What are the implications and unintended consequences of police reform implementation across strategic and operational levels? Based on ethnographic fieldwork in Denmark, this paper explores how police management and police officers navigate a political agenda and how it informs everyday policing.

Paper long abstract:

In recent years, there has been a growing tendency in national politics to address perceptions of unsafety and insecurity as principal driving forces of governance. In Denmark, this has resulted in an increasing number of political initiatives aiming to enhance safety and security for the Danish population. This paper explores the implementation of the latest police reform in Denmark – a so-called proximity reform. It outlines how Danish policing has taken a recent turn toward proximity policing as part of a larger decentralization process that aims to enhance safety, police visibility and bring the police closer to the citizens.

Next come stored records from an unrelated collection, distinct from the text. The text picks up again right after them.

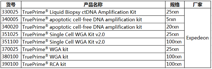 擴增能力強,無引物互作,無擴增偏倚,覆蓋率高,保真性好,重復(fù)性好,集諸多優(yōu)勢于一身的TruePrime?,還有什么理由不選擇呢?TruePrime?會為您的單細(xì)胞測序工作帶來極大的便利!除此之外,Expedeon還提供用于擴增cfDNA, circular DNA等多種類型DNA的試劑盒喲!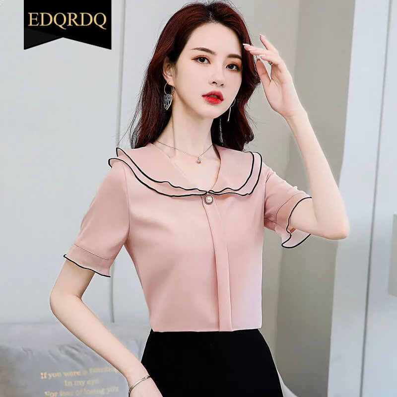 EDQRDQ Women's Doll Collar Puffy Sleeve Solid Color Chiffon Tops Short Sleeves Ruffle Blouse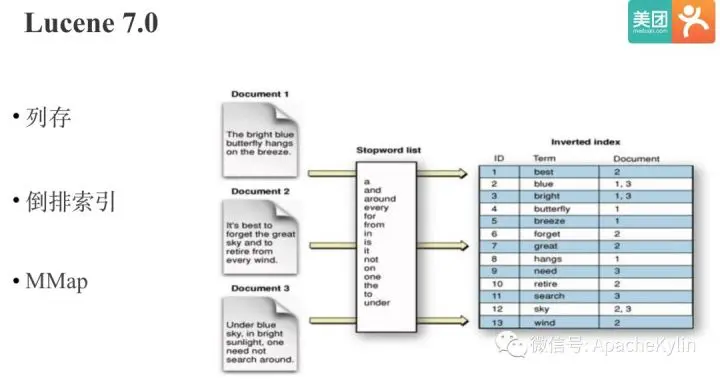 Parquet,CarbonData之后。 我们差不多同时进行了Kylin On Lucene POC 和 Kylin On Druid POC。我们先来看下Lucene, Lucene大家应该都很熟悉,是一个被广泛使用的全文搜索库,其存储格式是基于MMAP,支持倒排索引的列存。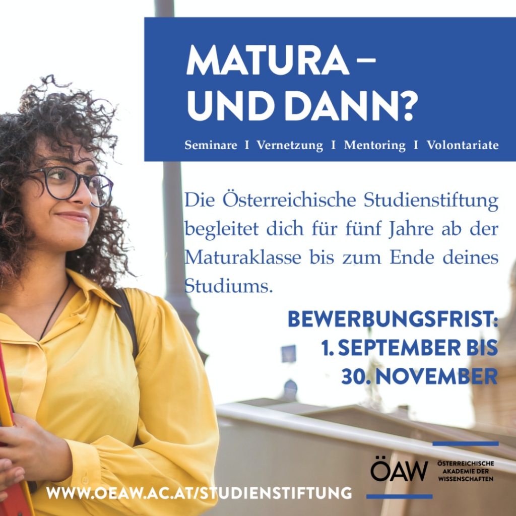 Neue Bewerbungsrunde für Maturant/innen für die Österreichische Studienstiftung der Österreichischen Akademie der Wissenschaften, Bewerbungen sind bis 30.11. möglich!
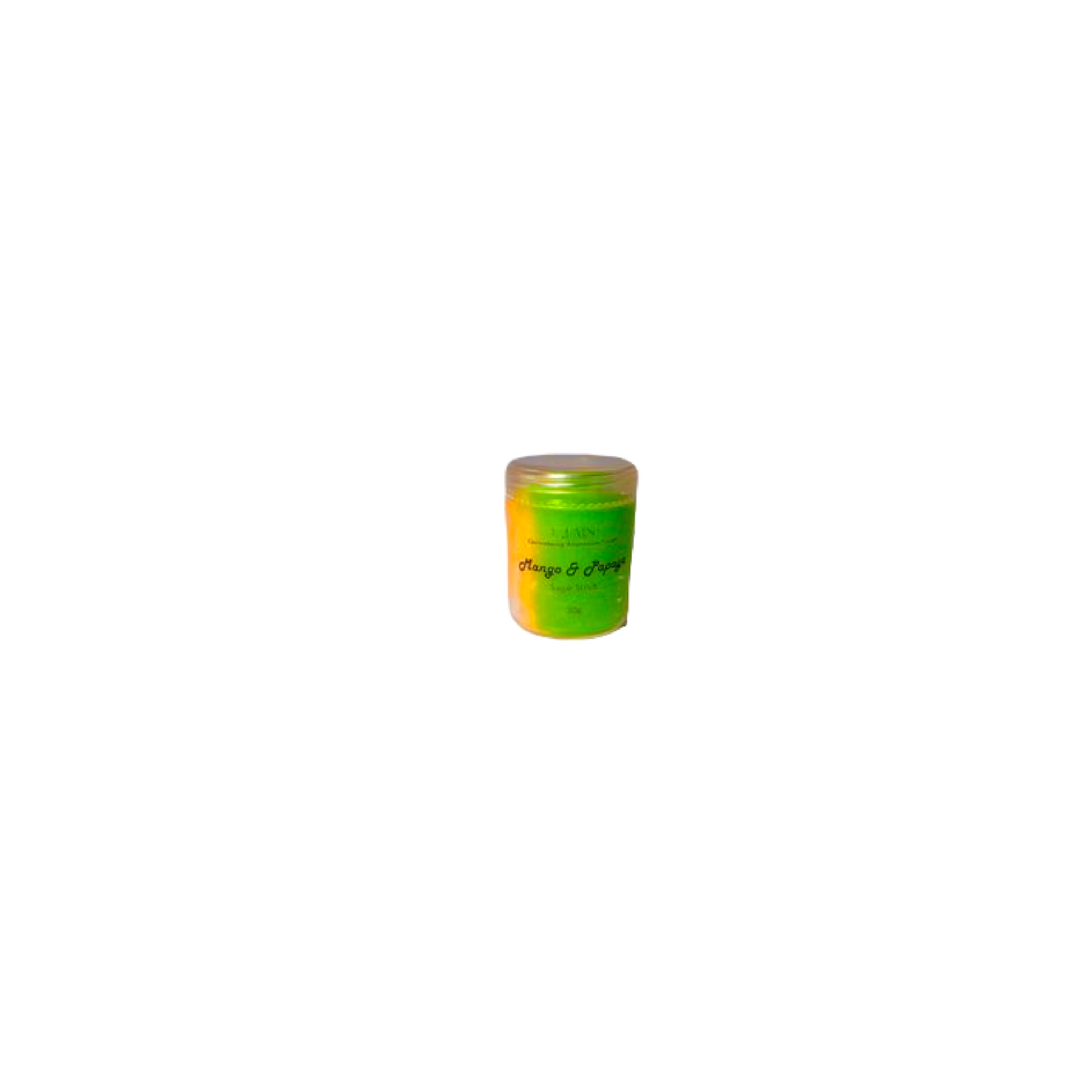 Our mango and papaya sugar scrub has a refreshing mango scent, infused with mango butter which helps to soften the skin and papaya seed oil which is rich in vitamin C, this scrub really elevates the exfoliation experience.

Based on long-term ethnographic fieldwork in one Danish police district, this paper unfolds the top-down process of reform implementation across strategic and operational levels. In doing so, it explores negotiations and concerns of reform implementation in police organization and everyday policing, and it unfolds the implications of navigating a political agenda including managerial dilemmas in resource allocation and recruitment as well as disruptions to everyday policing and resistance from local police officers. As a reform that has been advertised as a transformation of the Danish police, this paper further engages with the question of what is perceived as valuable police work across the chain of command and among the public.